For mysterious problems that elude a simple diagnosis you can really be stuck. Most doctors don’t have the time for complex cases. It’s worth becoming your own health researcher if no one else can identify the issue.


> It’s worth becoming your own health researcher if no one else can identify the issue.

This is something I have been a big advocate of. I would never claim to know more than a professional nor would I ever give medical advice to another individual.

However, it has helped me plenty of times. I feel like I have been able to ask more important and impactful questions to doctors, and I have been able to push back on some choices that doctors would have made that I think might have been incorrect.

For example, I was almost prescribed a medication. That particular medication might have treated its indicated condition well, but it is known to exacerbate my immune-mediated disease as a side-effect (to clarify, the medication was not for the immune-mediated disease).

When I mentioned it to the NP I was under the care of, she said, "I have never heard that side-effect." Well, she looked into it, and it turns out I was right. Had I not done my research prior to our visit, then I might have been subjugated to changes to a disease that could have been entirely been avoided.

I still think she is a wonderful NP, and no one can know everything.

I even have another account.

I asked an MD about a newer medication for my immune-mediated disease. He said, "I have never heard of that before." After discussing it with him, he did not seem to be interested in trying it. I swapped doctors, mentioned it to the new doctor, and she prescribed it. It's actually the single most effective treatment I have tried since I acquired the disease 7 years ago.

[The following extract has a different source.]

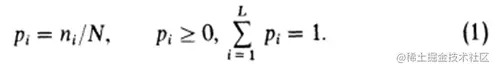 假设一幅图像有L个灰度级[1,2,…,L]。灰度级为i的像素点的个数为ni,那么总的像素点个数就应该为N=n1+n2+…+nL。为了讨论方便,我们使用归一化的灰度级直方图并且视为这幅图像的概率分布:

As Schoolhouse Rock once said, "It's great to learn 'cause knowledge is power!"


The first doctor I had wanted to send me to get my thyroid nuked because it was inflamed after a viral infection.

After 2 years and 6 doctors I found I basically had long covid years before it was recognized. Probably from a low grade garden variety viral infection. My gut developed food sensitivities and I started to develop autoimmune problems from that.

After finding the right doctor who could handle researching chronic conditions, things improved within months and a few years later I completely recovered.

Typical doctors have 5-10 minutes to listen to you and click on drop-down boxes on the computer. They won't care about chronic or complex issues. They are good for low hanging fruit and steering you towards pharmacological intervention but unusable for anything more involved.


Did you do anything to directly address the autoimmune problems etc, or simply managed your chronic conditions and everything eventually cleared up?